Yes, Space Has ‘Dancing Ghosts’

Earlier this year, researchers at NASA released an image of “sibling” galaxies “fighting” amongst themselves. It was a stunning image, as well as a reminder to call your siblings—or perhaps star in a Marvel series with them. Now, astronomers in Australia have given us another glimpse of anthropomorphized cosmos.

This time featuring a pair of greenish “dancing ghosts” tangoing a billion light-years from Earth.

Two radio galaxies approximately a billion light-years away which, together, look like greenish dancing ghosts.
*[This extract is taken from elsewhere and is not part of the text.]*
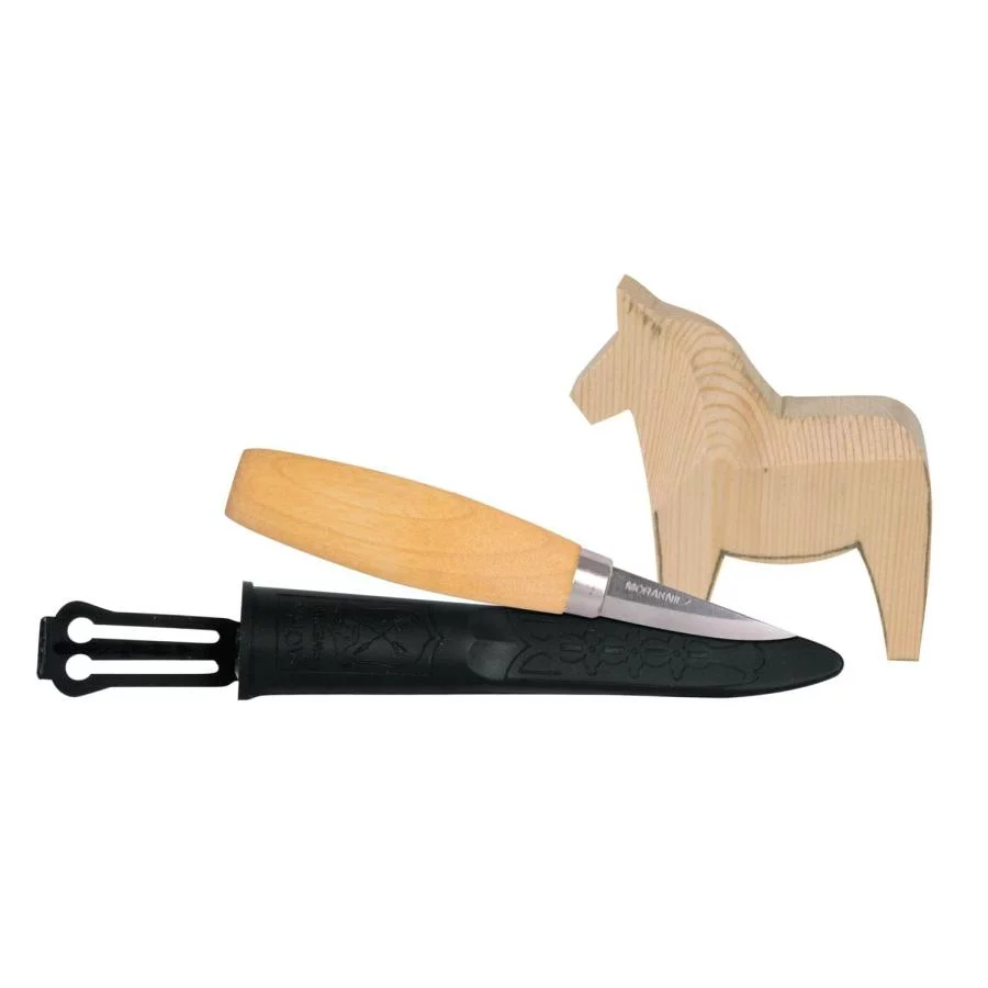Zestaw do rzeźbienia w drewnie zawierający klasyczny nóż Mora Wood Carving 120 z ostrzem ze stali laminowanej i plastikowym pudełkiem z zaczepem na pasek. Idealny do pierwszych kroków w rzeźbiarstwie.

Jayanne English/EMU/Dark Energy Survey

Science Alert picked up on the brilliant, ethereal ghosts, which consist of five-billion-light-year-long electron jets. Apparently, this corner of the cosmos is home to two adjacent galaxies. And, each one has a supermassive black hole at its center. Said black holes are cranking out the electron jets as they consume chaotic disks of gas and dust around them. That spews particles into space as their magnetic fields coil and snap.

While spewing black holes like these are common in the cosmos, their jets are often straight. The energetic electron streams zip through space with a laser beam-like tightness, uninhibited by obstacles. In this case, “intergalactic winds” are shaping the jets. Thus, making it appear as if two “ghosts” are swirling around each other against a backdrop of starry space.

Interpretations will vary obviously, but we see the two ghosts doing a ballroom tango with their “hands” clasped above their heads. (Note that the “3” arrow in the image immediately below marks a “filament” of electron jet with a still-mysterious source.)

Two radio galaxies approximately a billion light-years away which, together, look like greenish dancing ghosts.

Jayanne English/EMU/Dark Energy Survey

One of the ghosts’ chief discoverers, Ray Norris, an astronomer at Western Sydney University, wrote in a blog post that he and his colleagues still don’t understand the details of this ghastly cosmic phenomenon. They don’t know, for example, where the intergalactic winds are coming from. Nor why the two jets have become so tangled.

To find out the answers to these questions, the astronomers will continue to scan the skies using the Australian Square Kilometer Array Pathfinder (ASKAP), a radio telescope array in Western Australia. Although they’ll undoubtedly find a lot more freaky stuff anyway. Such as Orcs. Literally, though: ORCS or Odd Radio Circles are out there too, just like the one below.

An image of a greenish, ethereal bubble of particles against the backdrop of starry space.